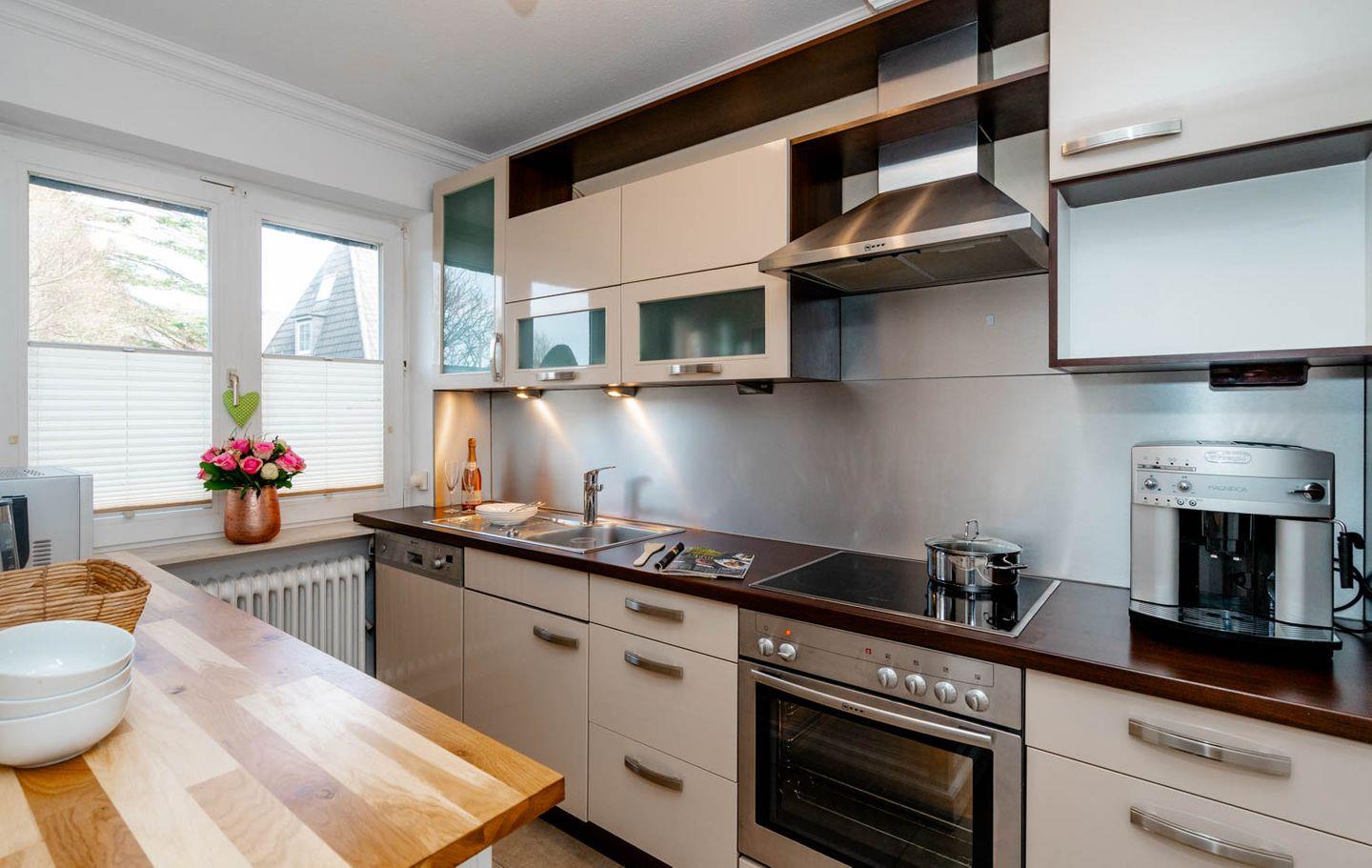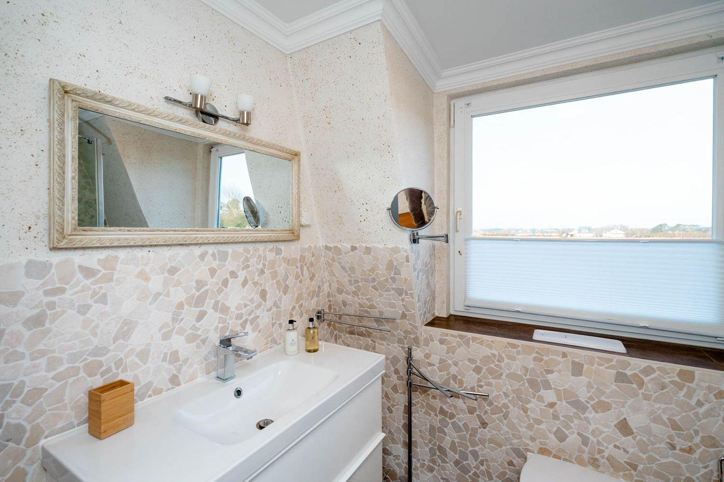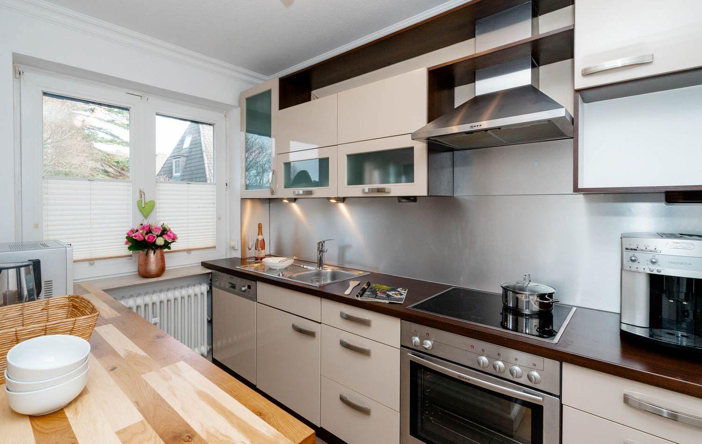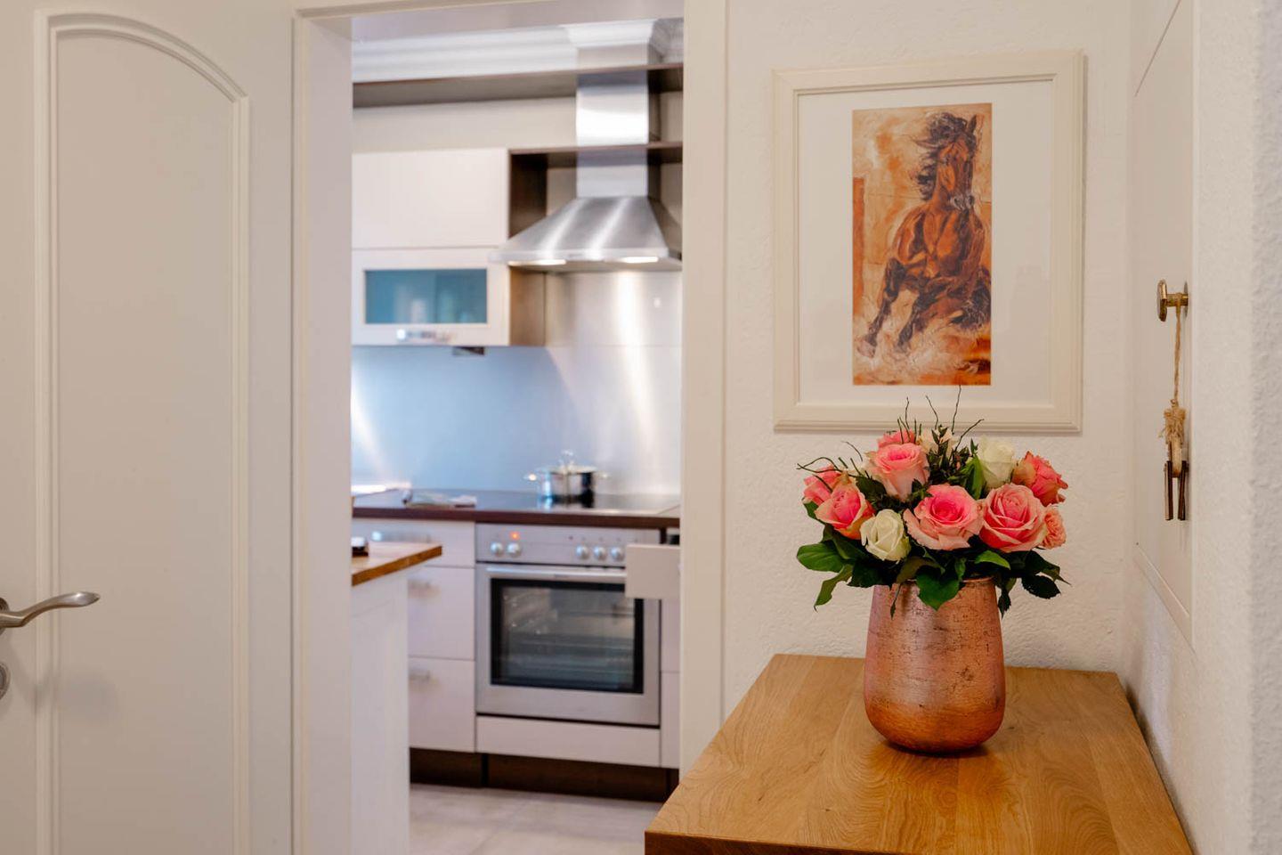 Herzlich Willkommen im Haus "Sprotte": Diese schöne Doppelhaushälfte mit Einzelhauscharakter bietet Ihnen auf ungefähr 120 Quadratmetern Wohnfläche ausreichend Platz für bis zu sechs Personen. Ein wunderschöner Blick in die weitläufigen Tinnumer Wiesen, eine große und möblierte Süd-Terrasse und der eingewachsene Garten sind nicht die einzigen Vorteile dieses Ferienhausteils: Ein Kamin, Holzdielenboden und attraktiver Wohnzimmerwandputz in Steinoptik sorgen für den individuellen Charme des Urlaubsdomizils.
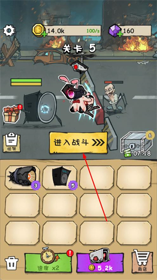 1、在关卡界面点击进入战斗,进入末世战场,对战更多僵尸。
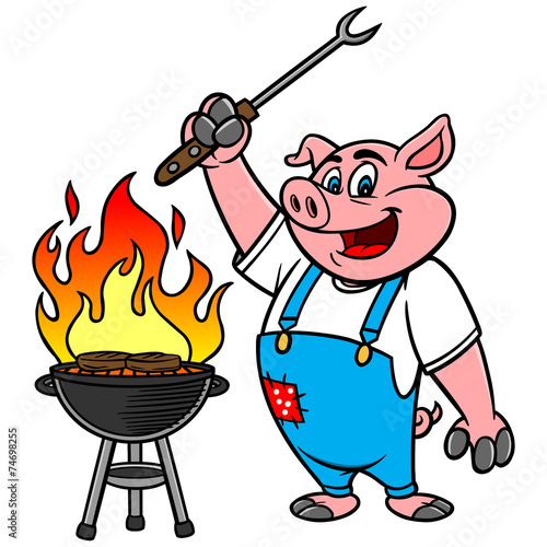 Vintage hipster Grill Barbeque pig pork icon on fire flame invitation party barbecue bbq illustration
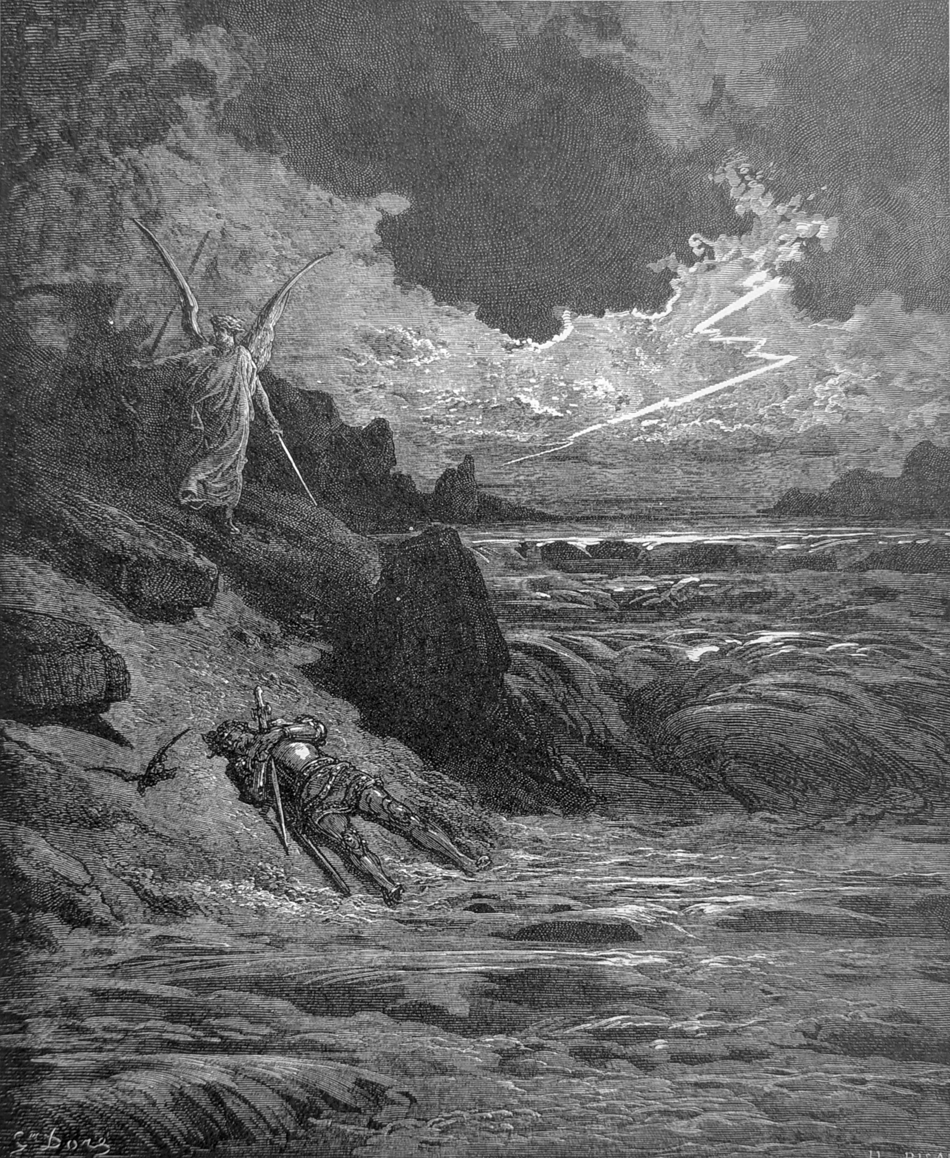 "God's Angel took me up, and he of hell / Shouted: ‘O thou from heaven, why dost thou rob me?" Purg. V, lines 104-105
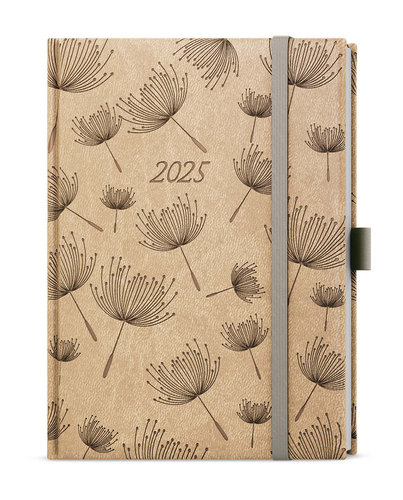 Denní diář v béžové vivelle s krásnou celoražbou motivu Chmýří. Diář v B6 formátu s velkým prostorem pro poznámky a plánování.
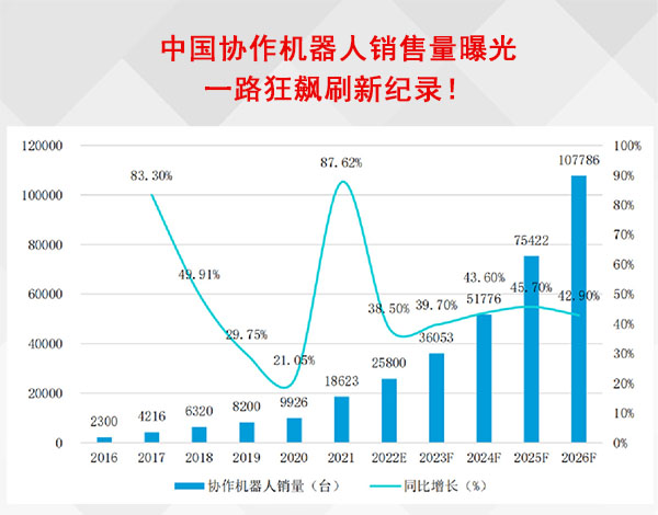 GGII的數(shù)據(jù)顯示,中國協(xié)作機器人市場銷量令人矚目。僅在2021年,銷量達到了18623臺,同比增長高達87.62%。市場規(guī)模也躍升至20.39億元,同比增長76.84%,增長幅度顯著。過去幾年的發(fā)展表明,協(xié)作機器人銷量及市場規(guī)模年均復(fù)合增長率分別為51.94%和41.46%。隨著技術(shù)的進步和產(chǎn)品價格的下降,預(yù)計協(xié)作機器人的接受度將進一步提高,但市場競爭也將愈發(fā)激烈。
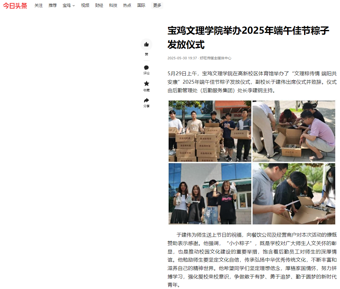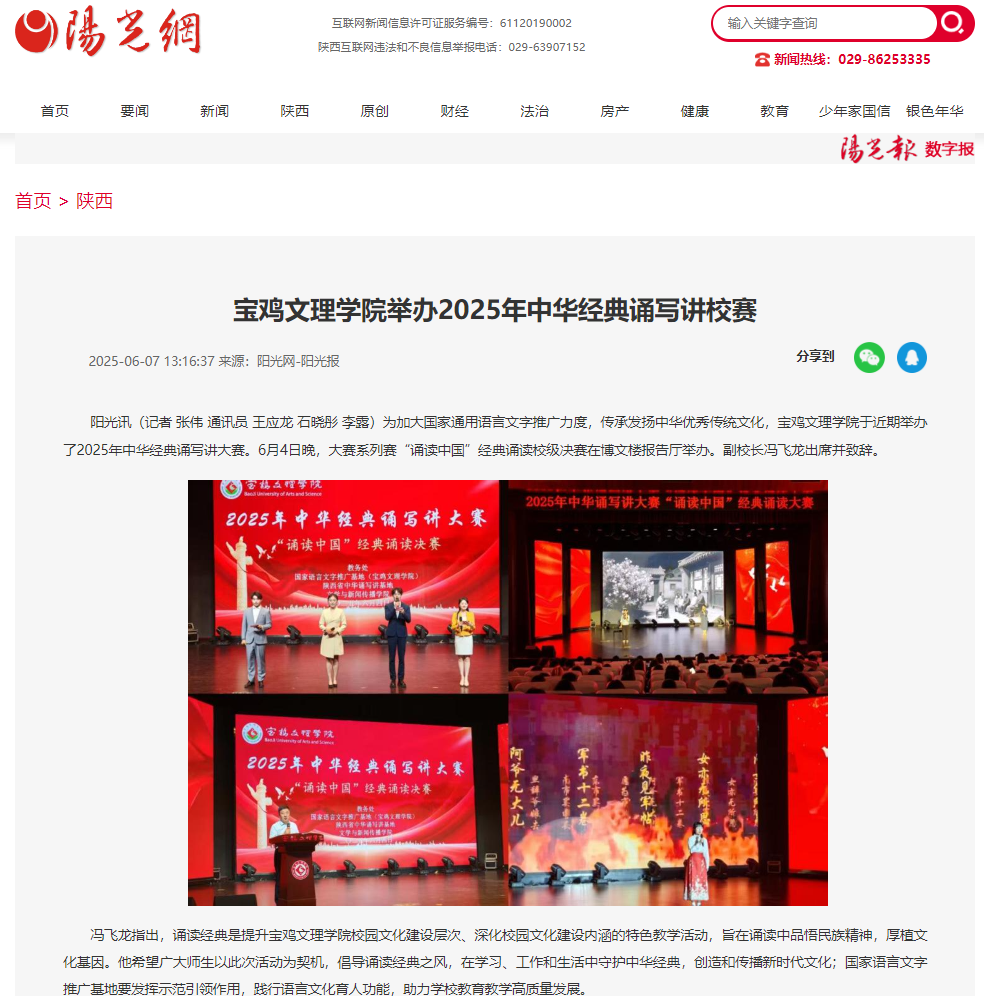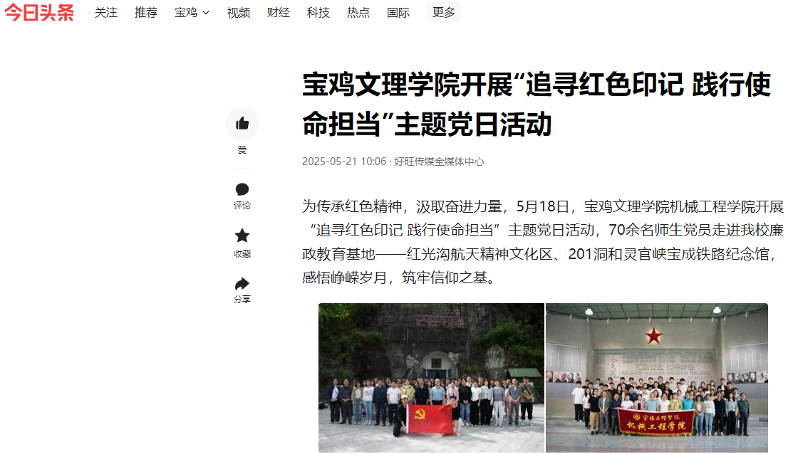 近日,beat365廉政教育基地揭牌仪式在张载祠举行、“双百工程”走进桃川镇中心小学、学校两名在校生和一名校友荣膺2025年第一季度“宝鸡好人”、举办“非遗进校园——千阳刺绣校园艺术展”活动、举办第十五届绿植领养系列活动、举办2025年中华经典诵写讲校赛、著名作家胡宝林为beat365师生作文学创作报告、举办2025年端午佳节粽子发放仪式、机械工程学院开展“追寻红色印记 践行使命担当”主题党日活动、文学与新闻传播学院召开学科建设与科研工作会议、地理与环境学院开展劳动教育宣传与实践等活动引起三秦都市报、陕西农村网、陕西时代网、宝鸡文明网、阳光网、太白融媒、今日头条等多家媒体广泛关注和报道。
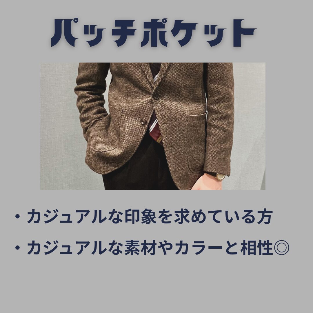 普段あまり意識されない部分ですが、種類や形によってフォーマルさやカジュアルさ、さらにはスタイルの見え方まで変わってきます。今回は代表的なジャケットのポケットの種類についてご紹介します。
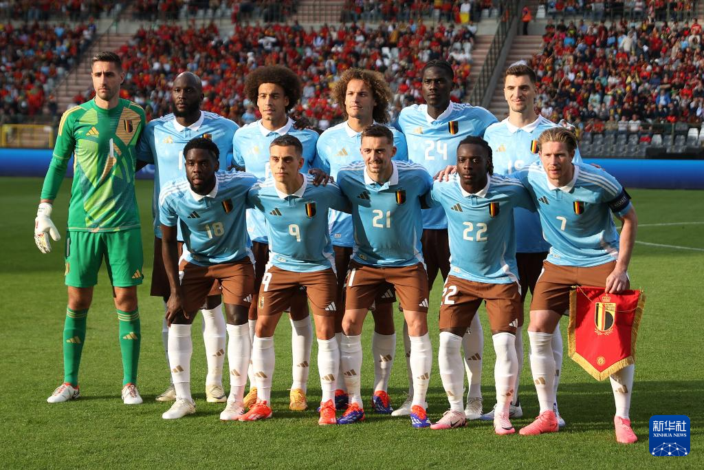 6月8日,比利时队首发球员在比赛前合影。新华社记者 赵丁喆 摄
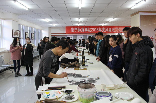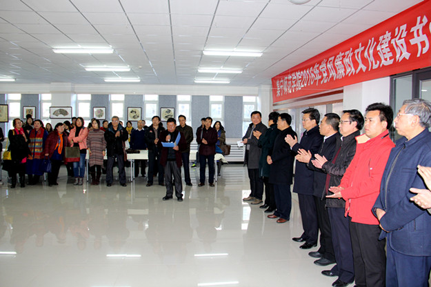 此次活动由校纪委主办,美术系党总支、校工会、校书画协会、校诗词学会协办。出席活动开幕式的校领导有校长朱玉东,党委副书记、纪委书记张利平,党委副书记赵海忠,副校长许卫,党委委员、组织统战部部长朱俊仙。特邀嘉宾有市文化局副局长、市美协主席王永鑫,市书协副主席曹彪,中国美术家协会会员、市书画院副院长郑通贵,内蒙古书法家协会副主席、市书协主席梁能伟。各系(院)主要领导,各党务、行政、教辅部门的主要领导,各党总支纪检委员以及部分教师及学生代表参加了活动。校纪委副书记、监察审计处处长赵向军主持开幕式。
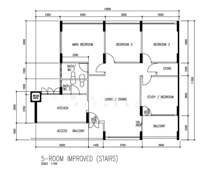 Floor size of this unit at 135 Serangoon North Avenue 2 is 1,305 sqft.
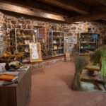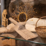 Trečiame dėmesys skiriamas seniesiems liaudies buities įrankiams bei reikmenims, kurie naudoti XIX amžiaus Lietuvoje, stovi verpimo rateliai, audimo staklės.
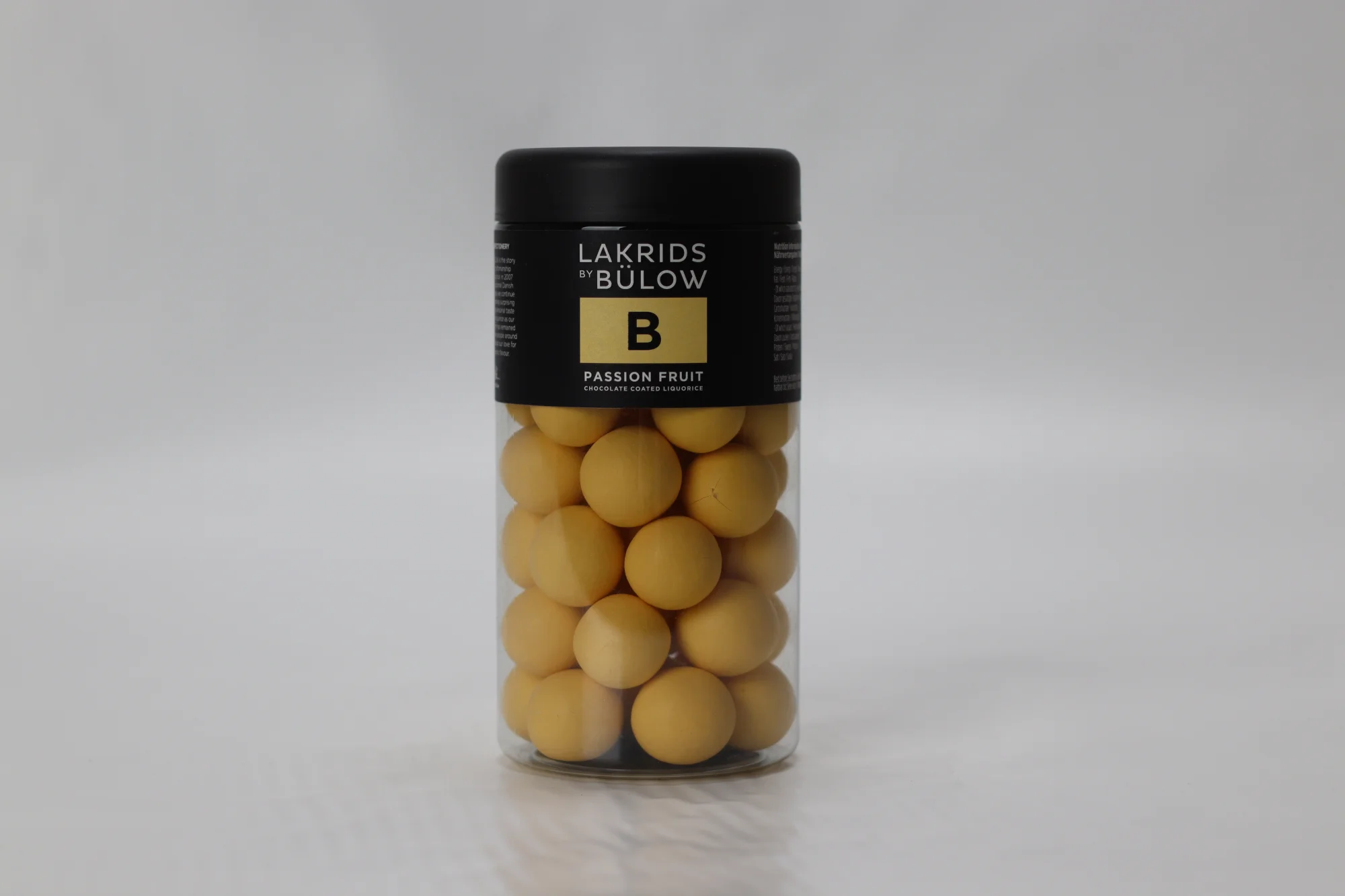 Passionhedelmällä, valkosuklaalla ja sokerilla kuorrutettu makea lakritsi.

++++++++++

#### [ASSIGNMENT]
Please copy every entry exactly, without the pictures.

#### [RESPONSE TO THE TASK]
 Herzlich Willkommen im Haus "Sprotte": Diese schöne Doppelhaushälfte mit Einzelhauscharakter bietet Ihnen auf ungefähr 120 Quadratmetern Wohnfläche ausreichend Platz für bis zu sechs Personen. Ein wunderschöner Blick in die weitläufigen Tinnumer Wiesen, eine große und möblierte Süd-Terrasse und der eingewachsene Garten sind nicht die einzigen Vorteile dieses Ferienhausteils: Ein Kamin, Holzdielenboden und attraktiver Wohnzimmerwandputz in Steinoptik sorgen für den individuellen Charme des Urlaubsdomizils.
 1、在关卡界面点击进入战斗,进入末世战场,对战更多僵尸。
 Vintage hipster Grill Barbeque pig pork icon on fire flame invitation party barbecue bbq illustration
 "God's Angel took me up, and he of hell / Shouted: ‘O thou from heaven, why dost thou rob me?" Purg. V, lines 104-105
 Denní diář v béžové vivelle s krásnou celoražbou motivu Chmýří. Diář v B6 formátu s velkým prostorem pro poznámky a plánování.
 GGII的數(shù)據(jù)顯示,中國協(xié)作機器人市場銷量令人矚目。僅在2021年,銷量達到了18623臺,同比增長高達87.62%。市場規(guī)模也躍升至20.39億元,同比增長76.84%,增長幅度顯著。過去幾年的發(fā)展表明,協(xié)作機器人銷量及市場規(guī)模年均復(fù)合增長率分別為51.94%和41.46%。隨著技術(shù)的進步和產(chǎn)品價格的下降,預(yù)計協(xié)作機器人的接受度將進一步提高,但市場競爭也將愈發(fā)激烈。
 近日,beat365廉政教育基地揭牌仪式在张载祠举行、“双百工程”走进桃川镇中心小学、学校两名在校生和一名校友荣膺2025年第一季度“宝鸡好人”、举办“非遗进校园——千阳刺绣校园艺术展”活动、举办第十五届绿植领养系列活动、举办2025年中华经典诵写讲校赛、著名作家胡宝林为beat365师生作文学创作报告、举办2025年端午佳节粽子发放仪式、机械工程学院开展“追寻红色印记 践行使命担当”主题党日活动、文学与新闻传播学院召开学科建设与科研工作会议、地理与环境学院开展劳动教育宣传与实践等活动引起三秦都市报、陕西农村网、陕西时代网、宝鸡文明网、阳光网、太白融媒、今日头条等多家媒体广泛关注和报道。
 普段あまり意識されない部分ですが、種類や形によってフォーマルさやカジュアルさ、さらにはスタイルの見え方まで変わってきます。今回は代表的なジャケットのポケットの種類についてご紹介します。
 6月8日,比利时队首发球员在比赛前合影。新华社记者 赵丁喆 摄
 此次活动由校纪委主办,美术系党总支、校工会、校书画协会、校诗词学会协办。出席活动开幕式的校领导有校长朱玉东,党委副书记、纪委书记张利平,党委副书记赵海忠,副校长许卫,党委委员、组织统战部部长朱俊仙。特邀嘉宾有市文化局副局长、市美协主席王永鑫,市书协副主席曹彪,中国美术家协会会员、市书画院副院长郑通贵,内蒙古书法家协会副主席、市书协主席梁能伟。各系(院)主要领导,各党务、行政、教辅部门的主要领导,各党总支纪检委员以及部分教师及学生代表参加了活动。校纪委副书记、监察审计处处长赵向军主持开幕式。
 Floor size of this unit at 135 Serangoon North Avenue 2 is 1,305 sqft.
 Trečiame dėmesys skiriamas seniesiems liaudies buities įrankiams bei reikmenims, kurie naudoti XIX amžiaus Lietuvoje, stovi verpimo rateliai, audimo staklės.
 Passionhedelmällä, valkosuklaalla ja sokerilla kuorrutettu makea lakritsi.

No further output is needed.